"""

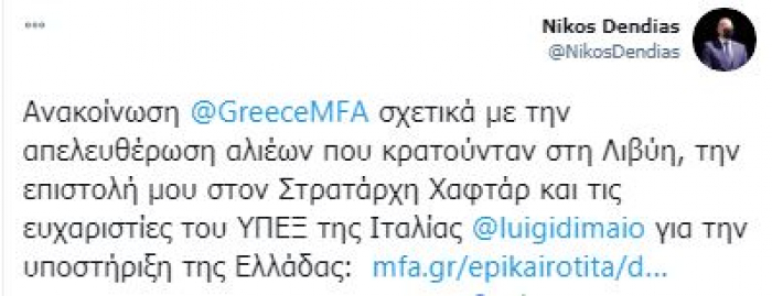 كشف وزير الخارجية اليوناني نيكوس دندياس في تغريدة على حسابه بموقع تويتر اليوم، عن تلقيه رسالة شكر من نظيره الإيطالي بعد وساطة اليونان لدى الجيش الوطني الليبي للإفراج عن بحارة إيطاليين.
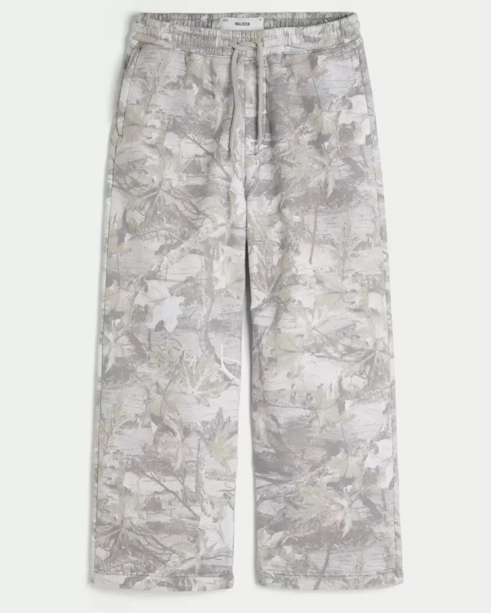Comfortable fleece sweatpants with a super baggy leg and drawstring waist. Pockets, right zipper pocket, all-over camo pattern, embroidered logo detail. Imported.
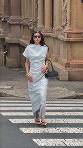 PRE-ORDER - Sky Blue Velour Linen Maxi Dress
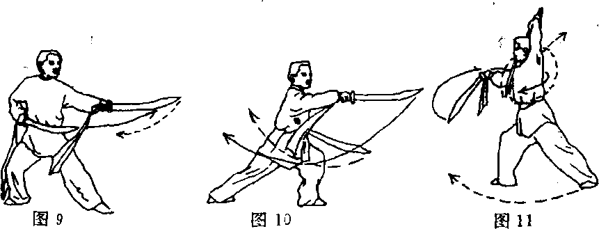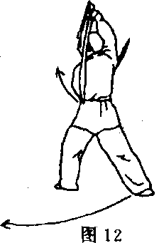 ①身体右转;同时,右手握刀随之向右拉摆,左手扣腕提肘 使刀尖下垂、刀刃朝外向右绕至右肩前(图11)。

"""
"""

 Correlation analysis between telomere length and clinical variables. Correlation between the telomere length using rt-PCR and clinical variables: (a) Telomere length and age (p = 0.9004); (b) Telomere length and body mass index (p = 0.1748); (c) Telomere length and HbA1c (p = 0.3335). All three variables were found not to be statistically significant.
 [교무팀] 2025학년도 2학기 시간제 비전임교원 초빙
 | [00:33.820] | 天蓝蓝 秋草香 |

"""

● TASK PROMPT: In the listing above, find the line with "PRE-ORDER - Sky Blue Velour Linen Maxi Dress" and the line with "①身体右转;同时,右手握刀随". Set down both and every line between them, minus the pictures.

● ANSWER AREA:
 PRE-ORDER - Sky Blue Velour Linen Maxi Dress
 ①身体右转;同时,右手握刀随之向右拉摆,左手扣腕提肘 使刀尖下垂、刀刃朝外向右绕至右肩前(图11)。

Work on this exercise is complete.